Econometric Methods & Models

  • Term Structure Models Implementation (Classical vs Mine)

    This repository implements the model developed in the forthcoming Econometric Reviews paper "Towards Data-Congruent Models of the Term Structure of Interest Rates" (coauthored with Carlo A. Favero). It provides a comprehensive implementation of term structure models for analyzing yield curves and macroeconomic factors, focusing on:

    • Implementation of ACM (Adrian, Crump, Moench) and FF (Favero, Fernández-Fuertes) models
    • Data-congruent term structure modeling with macroeconomic factors
    • Common trend component analysis
    • Out-of-sample forecasting comparisons
    • Visualization tools for yield curves, model parameters, and returns
  • VarKit: Python Implementation of VAR-Toolbox

    A Python implementation of Ambrogio Cesa-Bianchi's VAR-Toolbox, originally written in MATLAB. This package provides a modern, Pythonic approach to Vector Autoregressive (VAR) analysis, featuring:

    Based on the original VAR-Toolbox by Ambrogio Cesa-Bianchi, this Python implementation aims to make VAR analysis more accessible to the Python-based research community while maintaining the robustness and functionality of the original MATLAB version.

AI & Research Tools

  • arXiv MCP Server

    A Model Context Protocol (MCP) server that provides seamless access to arXiv's extensive collection of academic papers. This tool enables AI assistants to search, retrieve, analyze, and manage research papers directly from arXiv, featuring:

    • Smart search with author name variations and category filtering
    • Full-text extraction with adaptive PDF processing (3-tier system)
    • Citation network analysis via Semantic Scholar integration
    • Local library management with collections and tagging
    • Paper summarization and key findings extraction
    • Multi-format bibliography export (APA, MLA, Chicago, BibTeX)
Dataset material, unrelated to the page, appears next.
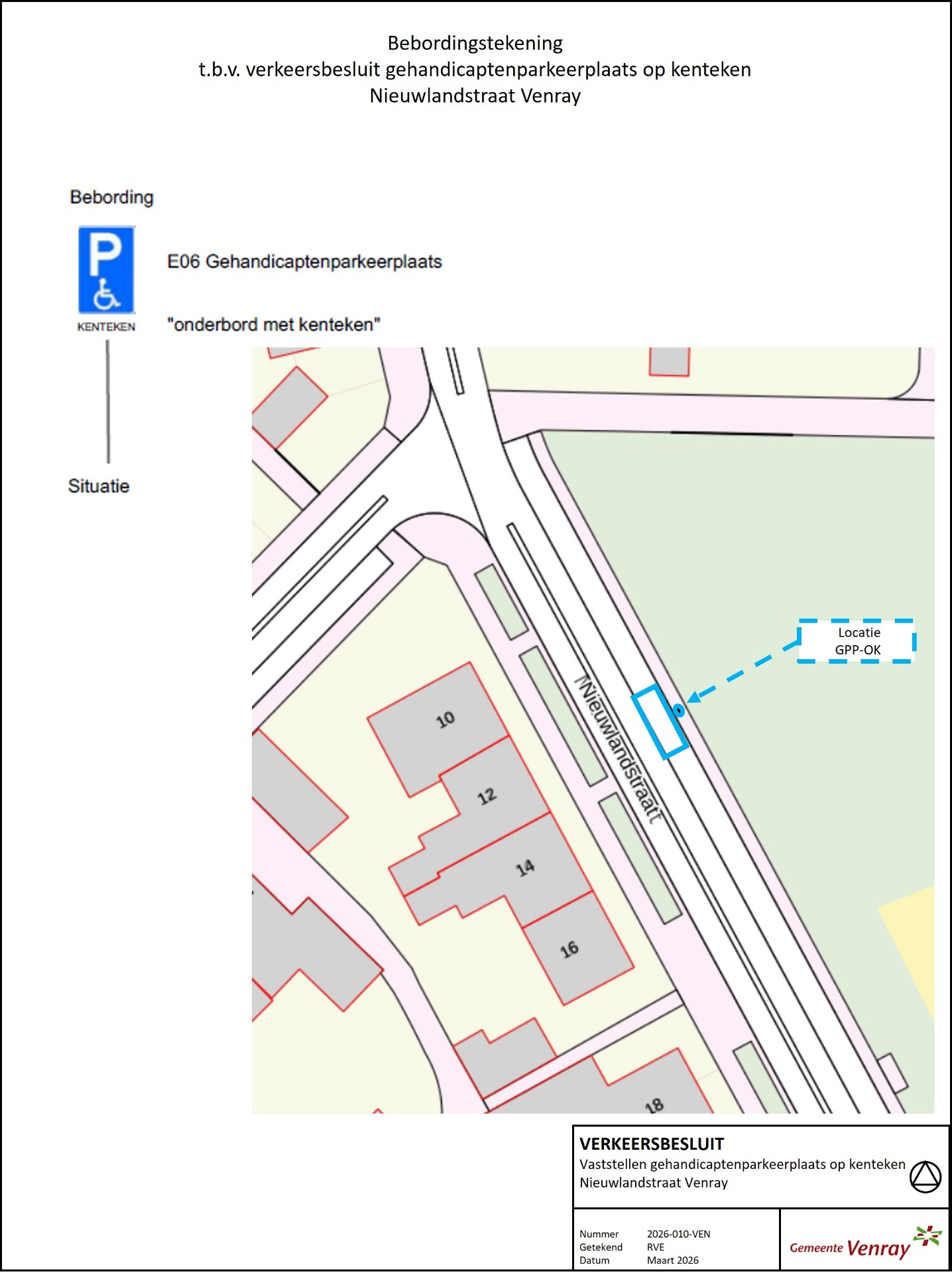 Verkeersbesluit – Vaststellen gehandicaptenparkeerplaats op kenteken – Nieuwlandstraat - Venray

    Perfect for researchers and students who want to integrate arXiv paper analysis into their AI workflows, enabling quick literature reviews, citation tracking, and research paper management.

  • Mistral OCR CLI

    A command-line interface tool for OCR (Optical Character Recognition) using Mistral AI's vision capabilities. This tool provides efficient extraction of text from images and PDFs, making it easy to digitize documents, extract data from scanned papers, and convert visual information into machine-readable text. Features include:

    • High-accuracy text extraction from images and scanned documents
    • Support for multiple image formats and PDF files
    • Batch processing capabilities for multiple files
    • Integration with Mistral AI's advanced vision models
    • Command-line interface for easy automation and scripting
    • Configurable output formats for different use cases

    Ideal for researchers and developers who need to extract text from academic papers, historical documents, or any visual content, streamlining the digitization workflow and making content searchable and analyzable.

  • DeepSeek OCR CLI

    A command-line tool for OCR using DeepSeek-OCR model via Ollama. This tool provides local processing with zero cloud dependencies, making it ideal for privacy-sensitive applications and offline workflows. Features include:

    • Local processing with no API keys or usage costs
    • Powered by Ollama for efficient local inference
    • Supports PDFs and images (JPG, PNG, WEBP, GIF, BMP, TIFF)
    • Batch processing for multiple files and directories
    • Clean markdown output with HTML tables converted to markdown
    • Progress tracking for multi-page PDFs
    • Terminal interface with progress bars and summary tables

    Perfect for researchers and developers who need privacy-preserving OCR capabilities, especially when working with sensitive documents or in environments without internet connectivity. The tool runs entirely locally using the DeepSeek-OCR model through Ollama.